Technical Universtiy of Berlin (2007-2019)

Technically, my position is paid for by the university (Haushaltsstelle), so I'm not on the payroll of any specific project.

  • Teaching duties.
  • A bit of system administration.
  • ALICE - Autonomous learning in complex environments. Joint project with Siemens and idalab GmbH with applications to wind turbine control.

TWIMPACT/streamdrill (2010-2014)

TWIMPACT, later streamdrill, was my start-up-on-the-side. It was concerned with real-time social media stream analysis.

Fedistats (2023-)

Fedistats is a news aggregation and trend analysis project based on Mastodon.

Research Topics

Twimpact

Twimpact

Micro-blogging services like twitter have become very popular in recent years. As of now, exploring such services and finding interesting users is still an open problem.

With our project twimpact we explore methods for automatically measuring user impact, or studying the network structure of micro-blogging services.

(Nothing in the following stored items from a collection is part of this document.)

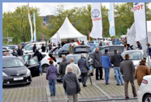
7. Fahrzeugschau Elektromobilität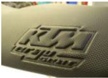
FUNDA DE ASIENTO KTM ERGO SEAT. 20€ SM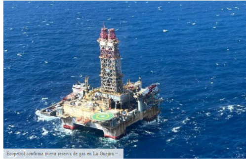
Ecopetrol confirma nueva reserva de gas en La Guajira -

A través de un comunicado oficial, Ecopetrol anunció el descubrimiento de dos nuevos yacimientos de gas en el pozo Orca Norte-1, en La Guajira.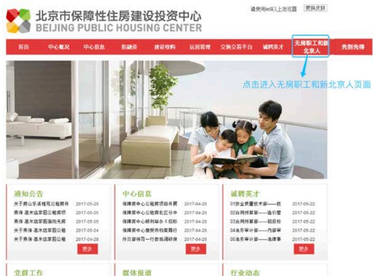
图 1：无房职工和新北京人入口

申请人自行登录北京市保障性住房建设投资中心官网 ( http://www.bphc.com.cn/ )，点击“无房职工和新北京人”按钮进入登记系统界面，按照相应提示进行操作。

On Relevant Dimensions in Kernel Feature Spaces

On Relevant Dimensions in Kernel Feature Spaces

It is well known that using a kernels for supervised learning corresponds to mapping the problem into a potentially quite high-dimensional feature space. Usually, complexity control (for example, large margin hyperplanes) is attributed with the fact that learning is still possible. We showed, however, that using the right kernel leads to a typically small effective dimensionality in a feature space, meaning that even in infinite-dimensional feature spaces, the learning problem is in fact contained in a low-dimensional subspace.

There is software available for matlab and R.